SCM改革はなにより戦略構築の明確化から 業務改善の前に検討すべき5つの要素:新時代のサプライチェーンマネジメント戦略(2)(3/4 ページ)
さまざまな企業課題に対応すべく、サプライチェーンマネジメント(SCM)のカバー領域や求められる機能も変化している。本連載では、経営の意思を反映したSCMを実現する大方針たる「SCM戦略」と、それを企画/推進する「SCM戦略組織」、これらを支える「SCM人材」の要件とその育成の在り方を提案する。
(2)パートナー戦略
「パートナー戦略」を一言でいえば、「どのような場合自社で製造し、どのような場合は外注に任せるのか」の大方針を明らかにすることだ。具体的には、自社工場で製造ノウハウを蓄積しつつ生産を続けるのか、それとも極力自社資産としての生産拠点を持たず、積極的に委託生産に切り替えていくのかを、製品ライフサイクルとの関係性と共に整理する(図4)。
これにより、サプライチェーンのどこからどこまでを自社が担い、どこから他社に委ねていくのかが明確になり、中長期的なサプライチェーンの在り方を検討していく上での「議論の土台」を固めることができる。但し、本戦略は技術部門や調達部門の所掌範囲と重なる部分が大きいため、これらの部署と調整の上で具体化しておくことが望ましい。
(3)サービスレベル
「サービスレベル」とは、顧客の出荷要求にどれだけの確率で対応できるようにするかを数値目標化したものだ。一般に、顧客の納期要求は供給側の事情とはお構いなしだ。それでも顧客が発注から納入までどの程度の期間を期待するのか、自社の販売計画に対しどの程度の上振れが生じそうかを予測し、適切に在庫を構えておくことができれば、納期順守率は高まり顧客満足度を高めることができる(逆に、顧客満足を一切無視すれば在庫は不要である)。

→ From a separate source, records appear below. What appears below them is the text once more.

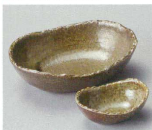
04439-029 窯変織部楕円5.0鉢 1,400円 60入 (17×13×4.5cm) 04440-029 窯変織部楕円3.0小付 600円 200入 (9.5×7.3×3.2cm)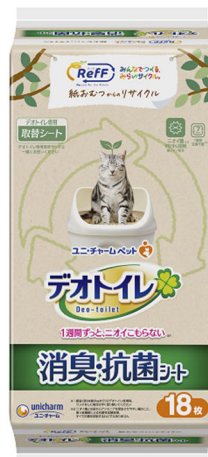
『デオトイレ消臭・抗菌シート RefF（リーフ）※』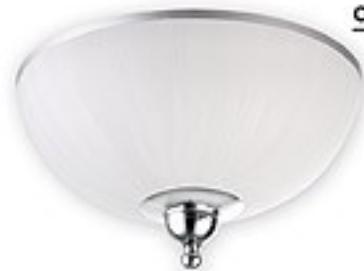
O1481 CH H= 15 cm Ø 30 cm 2xE27 max 60W

一方、顧客の要求に100%対応しようとすれば、在庫は限りなく大きくなってしまい、資産効率が大きく悪化する。また、経営管理上の棚卸在庫は少ないほど望ましいため、財務部門は在庫過多に陥りがちなSCMの現場に対し、極端な在庫のスリム化を要求する傾向にある。
そこで、「サービスレベル」という数値目標(本来顧客ごとに異なるが、ここでは事業全体の標準としての目標水準を指す)を定義することで、顧客満足と、財務管理上望ましい(許容できる)在庫水準のバランスを、このサービスレベル調整を通じて合意〜コントロールすることができる。